![AstraZeneca & Janssen: where do thromboses come from? German researchers have an explanation](https://img.passeportsante.net/1000x526/2021-05-28/i107806-.jpeg)
Since the start of the vaccination campaign, cases of thrombosis have been associated with adenovirus vaccines, AstraZeneca & Janssen. Although rare, they can sometimes lead to death. German researchers have now succeeded in finding the origin of this phenomenon, explanations.

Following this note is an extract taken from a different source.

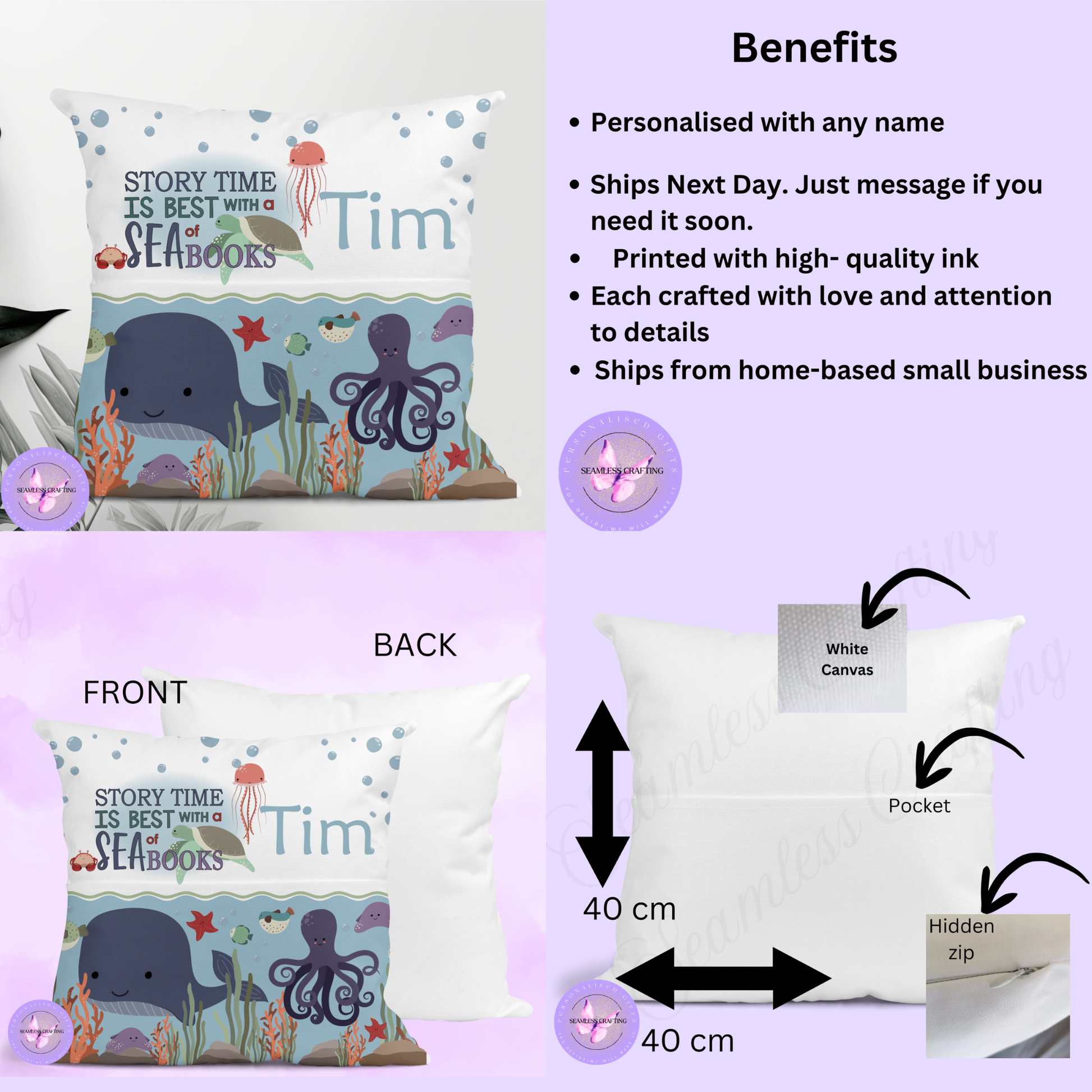 Personalised Under the Sea Reading Cushion – Ocean Animals Book Pocket Pillow | Custom Name Kids Gift (40cm)
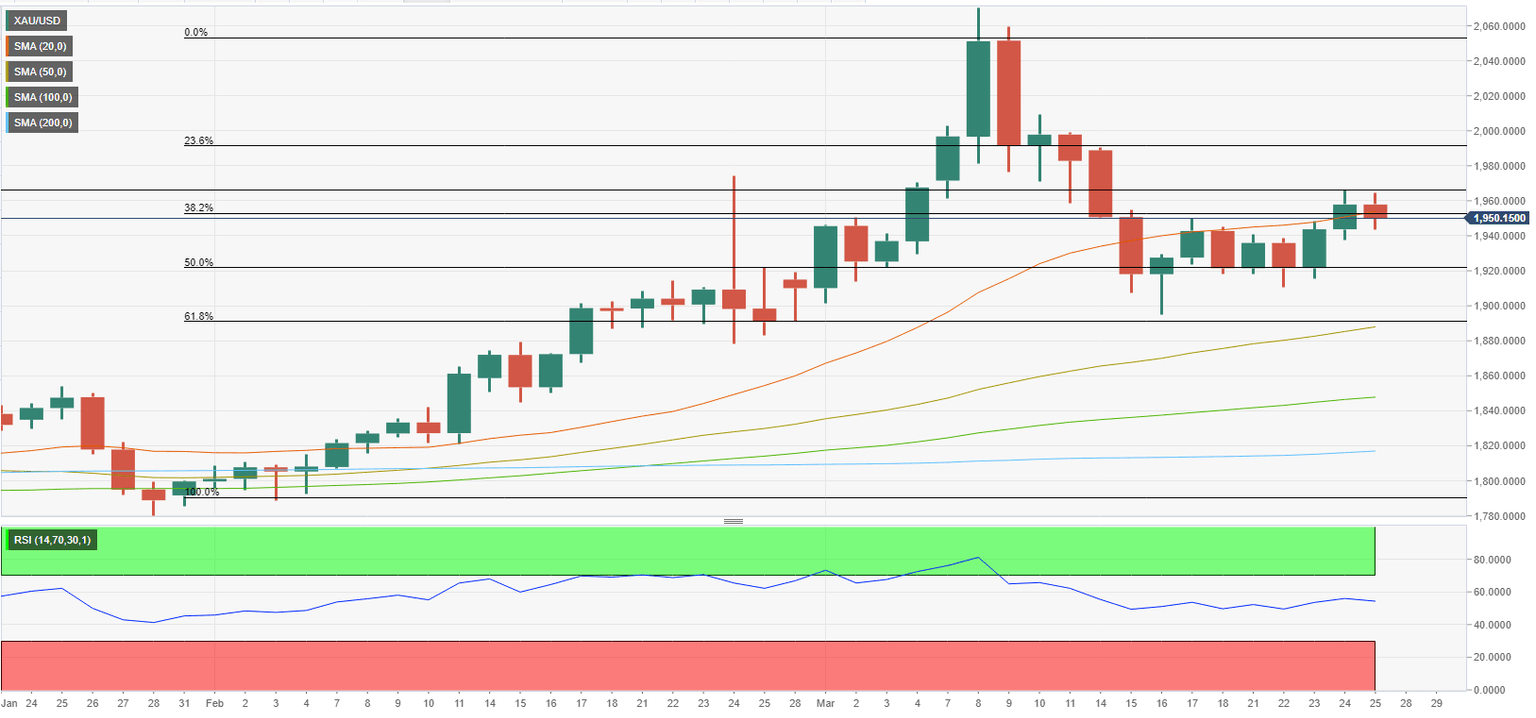 On the flip side, XAU/USD could face renewed bearish pressure if it fails to hold above $1,950 and decline toward $1,920 (static level, lower limit of the consolidation channel). With a daily close below that level, the pair could test $1,900 (Fibonacci 61.8% retracement, 50-day SMA).

Adenovirus technology as the main culprit
For weeks, suspicions have been based on the adenovirus technology used by two vaccines, namely the British-Swedish vaccine, AstraZeneca and the American vaccine, Janssen or Johnson & Johnson. According to the Financial Times, which relays the results of a team of German scientists from Goethe University in Frankfurt, “Once inside the nucleus, parts of the protein (Spike protein) separate and create new versions, which cannot bind to the cell membrane, where a significant amount of immunization occurs“. Their study published on May 26 in the medical journal Research Square, details that these new proteins “Mutants” could move freely in the body instead of binding to the cell membrane, in order to initiate the process of immunization. It is also by moving that these mutations would break down or grow, giving rise to the formation of blood clots. “The viral piece of DNA […] is not optimized to be transcribed inside the nucleus, ”the scientists commented in their study.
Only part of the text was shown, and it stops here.